■ Assignment
From the listing below, retype exactly the line holding "创意3D小夜灯批发节日学生毕业礼品公司儿童卡通LOGO生日礼物台灯", the line holding "VOITSBERG, am 21.06.2017", and the lines between them; skip everything else.

■ Recorded data
------------------------

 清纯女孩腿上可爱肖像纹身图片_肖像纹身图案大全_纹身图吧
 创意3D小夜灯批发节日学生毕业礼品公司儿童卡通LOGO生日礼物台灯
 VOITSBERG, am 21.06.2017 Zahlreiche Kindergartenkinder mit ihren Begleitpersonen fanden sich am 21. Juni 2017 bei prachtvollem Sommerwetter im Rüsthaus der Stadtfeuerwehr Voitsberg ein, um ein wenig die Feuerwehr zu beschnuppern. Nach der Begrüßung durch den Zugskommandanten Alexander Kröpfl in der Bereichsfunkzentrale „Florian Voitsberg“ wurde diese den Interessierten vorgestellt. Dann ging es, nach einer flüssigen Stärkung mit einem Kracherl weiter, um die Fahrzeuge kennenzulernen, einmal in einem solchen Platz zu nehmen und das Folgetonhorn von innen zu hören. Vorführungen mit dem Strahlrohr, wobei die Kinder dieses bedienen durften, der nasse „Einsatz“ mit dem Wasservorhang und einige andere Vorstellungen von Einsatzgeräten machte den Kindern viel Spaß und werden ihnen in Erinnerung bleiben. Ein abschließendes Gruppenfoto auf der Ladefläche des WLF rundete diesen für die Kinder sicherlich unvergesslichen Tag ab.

------------------------

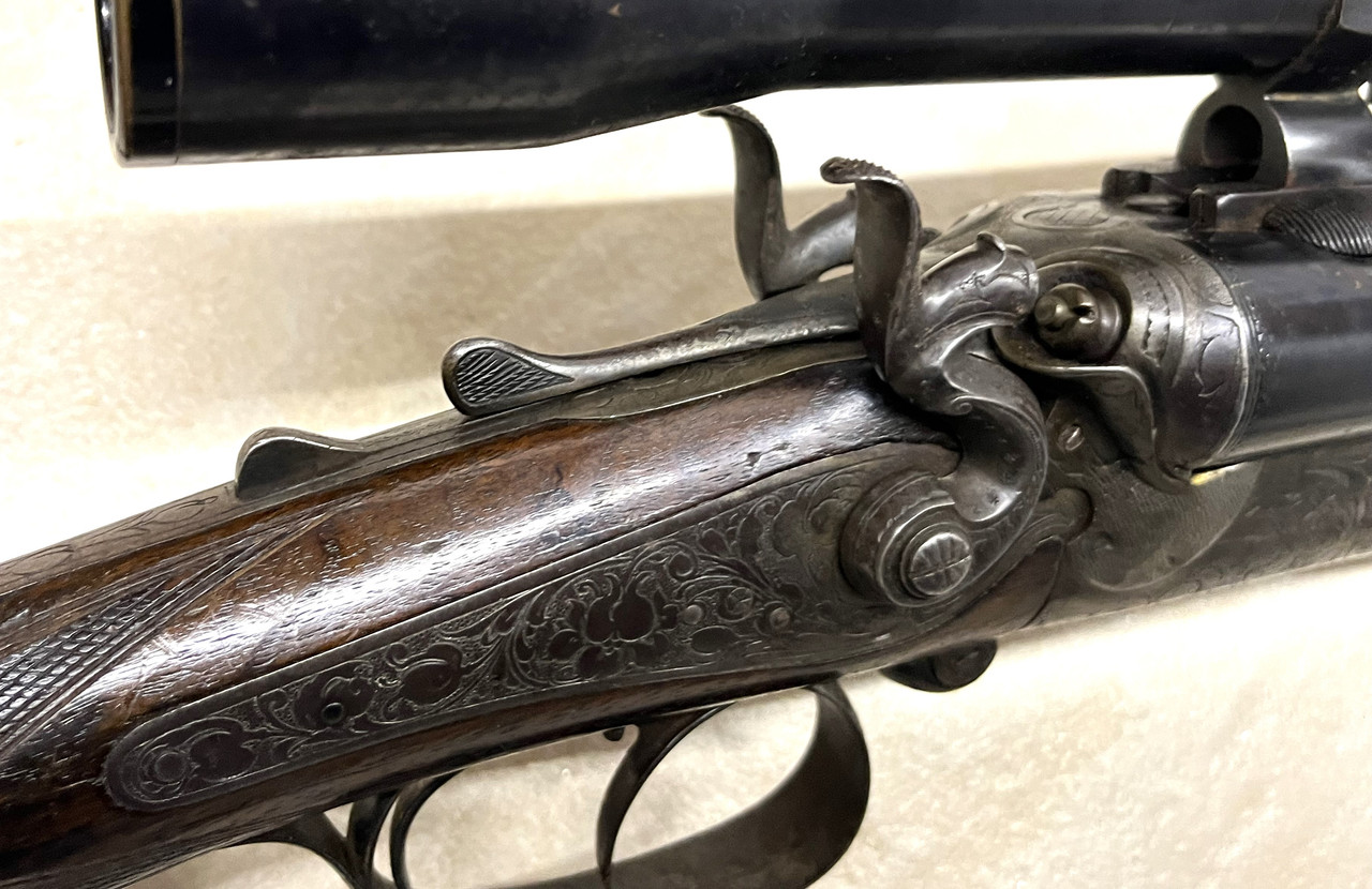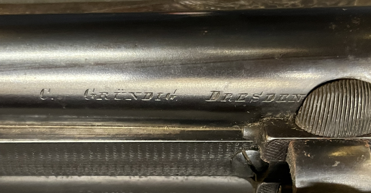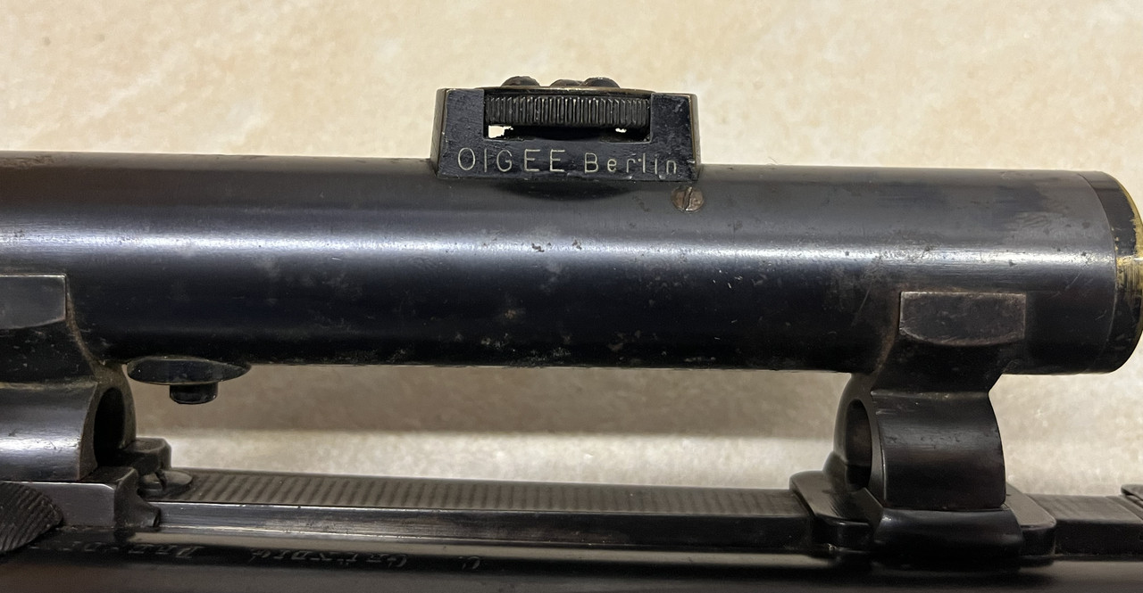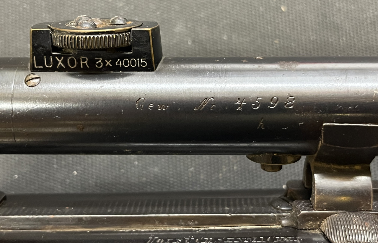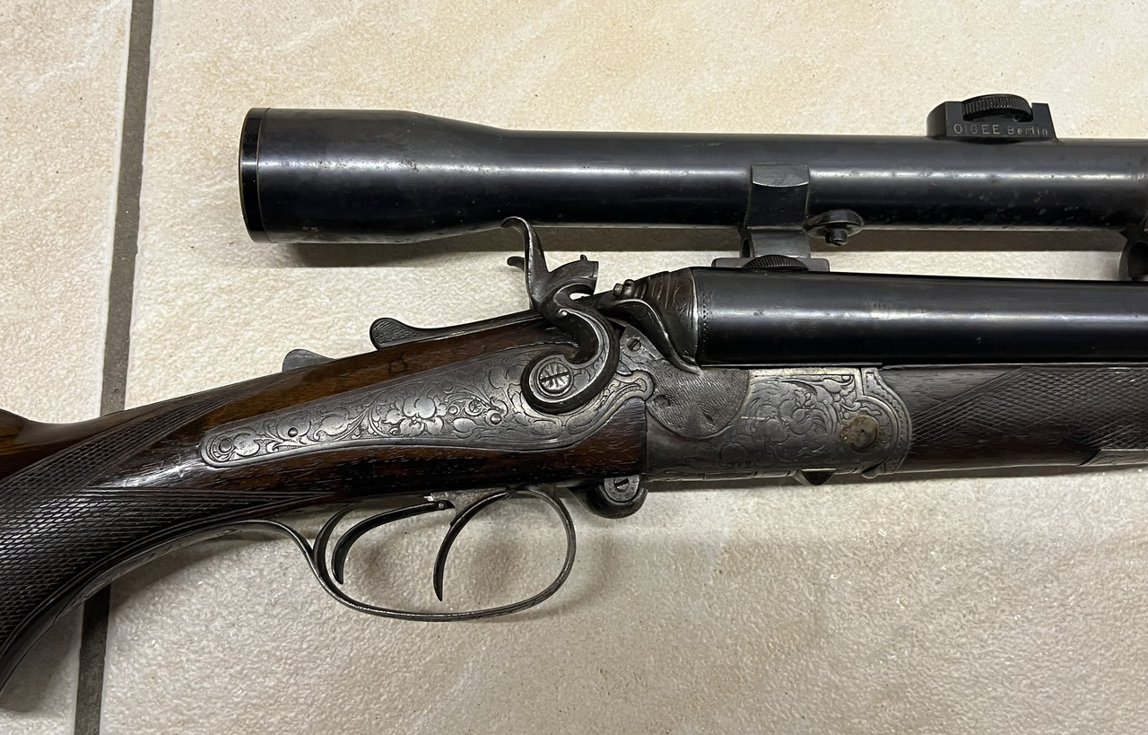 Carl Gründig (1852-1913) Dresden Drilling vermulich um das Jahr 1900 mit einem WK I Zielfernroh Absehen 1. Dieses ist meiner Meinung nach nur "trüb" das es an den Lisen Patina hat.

------------------------

■ Task answer
 创意3D小夜灯批发节日学生毕业礼品公司儿童卡通LOGO生日礼物台灯
 VOITSBERG, am 21.06.2017 Zahlreiche Kindergartenkinder mit ihren Begleitpersonen fanden sich am 21. Juni 2017 bei prachtvollem Sommerwetter im Rüsthaus der Stadtfeuerwehr Voitsberg ein, um ein wenig die Feuerwehr zu beschnuppern. Nach der Begrüßung durch den Zugskommandanten Alexander Kröpfl in der Bereichsfunkzentrale „Florian Voitsberg“ wurde diese den Interessierten vorgestellt. Dann ging es, nach einer flüssigen Stärkung mit einem Kracherl weiter, um die Fahrzeuge kennenzulernen, einmal in einem solchen Platz zu nehmen und das Folgetonhorn von innen zu hören. Vorführungen mit dem Strahlrohr, wobei die Kinder dieses bedienen durften, der nasse „Einsatz“ mit dem Wasservorhang und einige andere Vorstellungen von Einsatzgeräten machte den Kindern viel Spaß und werden ihnen in Erinnerung bleiben. Ein abschließendes Gruppenfoto auf der Ladefläche des WLF rundete diesen für die Kinder sicherlich unvergesslichen Tag ab.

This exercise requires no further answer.